Признался Генрих Григорьевич и в убийствах Горького, его сына Максима, Менжинского и Куйбышева. Он также заявил, что знал о планах убийства Кирова, но отрицал, что участвовал в организации этого убийства. Ягоду заставили признаться ещё и в том, что он хотел убить Ежова, причём довольно экзотическим способом. На суде в марте 1938 года Буланов рассказал об этом так: «Когда он (Ягода. – Б.С.) был снят с должности наркома внутренних дел, он предпринял уже прямое отравление кабинета в той части комнат, которые примыкают к кабинету, здания НКВД, там, где должен был работать Николай Иванович Ежов. Он дал мне лично прямое распоряжение подготовить яд, а именно взять ртуть и растворить её кислотой. Я ни в химии, ни в медицине ничего не понимаю, может быть, путаюсь в названиях, но помню, что он предупреждал против серной кислоты, против ожогов, запаха и что-то в этом духе. Это было 28 сентября 1936 года. Это поручение Ягоды я выполнил, раствор сделал. Опрыскивание кабинета, в котором должен был сидеть Ежов, и прилегающих к нему комнат, дорожек, ковров и портьер было произведено Саволайненом (вахтером-курьером НКВД СССР. – Б.С.) в присутствии меня и Ягоды»[146].

Этот эпизод отразился в булгаковском романе «Мастер и Маргарита». Помните финал великого бала у сатаны? «По лестнице поднимались двое последних гостей.
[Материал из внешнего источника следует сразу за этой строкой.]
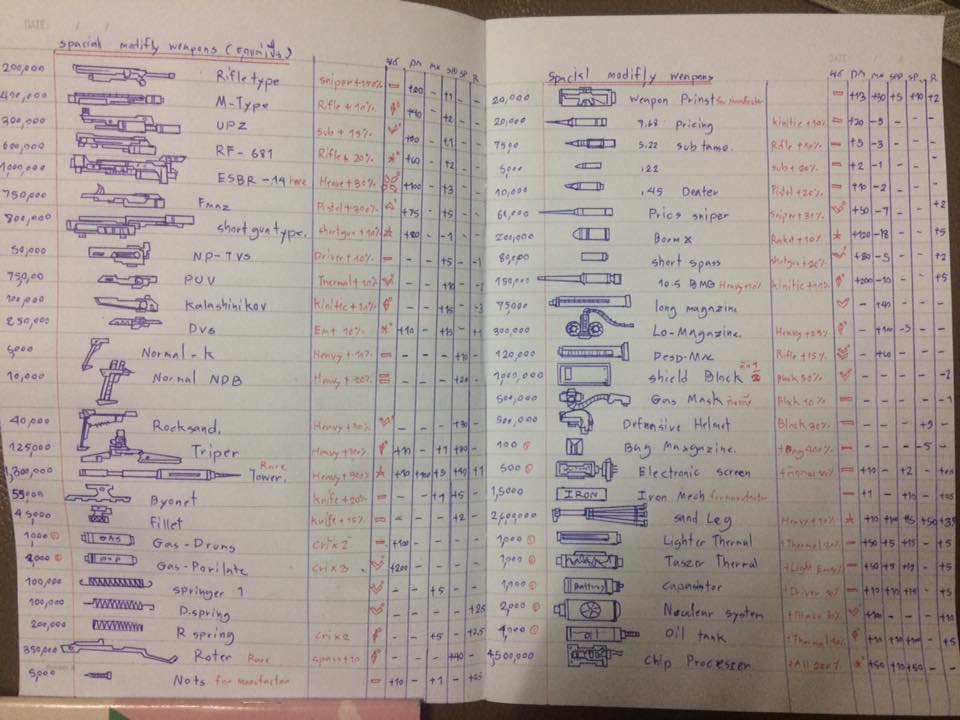 คุณมีสิทธิสร้างอาวุธเป็นของตัวเองได้ จากชิ้นส่วนที่คุณหามา หรือถอดประกอบมาจากอาวุธเดิมของคุณ แต่มีผลในน้ำหนัก ประสิทธิภาพ และความสามารถทางอาวุธ คุณมีสิทธิต่อยานพาหนะเองได้ แต่ต้องมีวัตถุดิบเช่นเดียวกับอาวุธคุณ

– Да это кто-то новенький, – говорил Коровьев, щурясь сквозь стёклышко, – ах да, да. Как-то раз Азазелло навестил его и за коньяком нашептал ему совет, как избавиться от одного человека, разоблачений которого он чрезвычайно опасался. И вот он велел своему знакомому, находящемуся от него в зависимости, обрызгать стены кабинета ядом.

– Как его зовут? – спросила Маргарита.

– А, право, я сам ещё не знаю, – ответил Коровьев, – надо спросить у Азазелло.

– А кто с ним?

– А вот этот самый исполнительный его подчинённый».
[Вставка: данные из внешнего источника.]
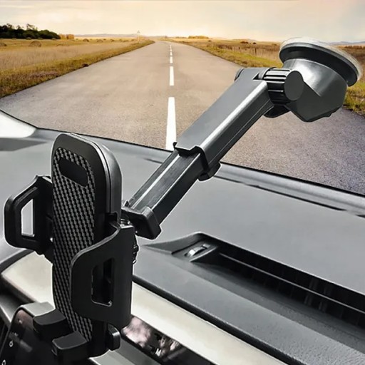 Jeden z najbardziej popularnych sposobów montażu uchwytu na telefon. Ten typ uchwytu cechuje duża uniwersalność. Pozwala w łatwy sposób zamontować uchwyt w dogodnym miejscu na szybie czołowej. Pozwala ustawić telefon w takim miejscu, aby kierowca nie odrywał zbytnio wzroku od drogi, oraz ułatwi namierzenie pozycji GPS.

Фарсовость истории с попыткой отравить Ежова заметил и Троцкий, который, однако, слишком хорошо знал реальные преступления Ягоды. 24 августа 1938 года Лев Давыдович в заявлении на имя судебного следователя Джозефа Пэженеля, который вел расследование причин смерти сына Троцкого Льва Седова, писал: «…без очень серьезного, напряженного и смелого расследования преступлений ГПУ раскрыть нельзя.
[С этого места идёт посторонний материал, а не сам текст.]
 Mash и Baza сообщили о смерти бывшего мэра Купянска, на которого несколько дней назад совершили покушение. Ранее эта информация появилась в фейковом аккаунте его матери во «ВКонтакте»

Для того, чтобы дать приблизительное представление о методах и нравах этого учреждения, я вынужден привести здесь цитату из официозного советского журнала «Октябрь» от 3-го марта этого года. Статья посвящена театральному процессу, по которому был расстрелян бывший начальник ГПУ Ягода. «Когда он оставался в своем кабинете, – говорит советский журнал об Ягоде, – один или с холопом Булановым, он сбрасывал свою личину. Он проходил в самый темный угол этой комнаты и открывал свой заветный шкаф. Яды. И он смотрел на них. Этот зверь в образе человека любовался склянками на свет, распределял их между своими будущими жертвами». Ягода есть то лицо, которое организовало мою, моей жены и нашего сына высылку за границу; упомянутый выше в цитате Буланов сопровождал нас из Центральной Азии до Турции как представитель власти. Я не вхожу в обсуждение того, действительно ли Ягода и Буланов были повинны в тех преступлениях, в которых их сочли нужным официально обвинить. Я привел цитату лишь для того, чтоб охарактеризовать словами официозного издания обстановку, атмосферу и методы деятельности секретной агентуры Сталина. Нынешний начальник ГПУ Ежов, прокурор Вышинский и их заграничные сотрудники нисколько, разумеется, не лучше Ягоды и Буланова.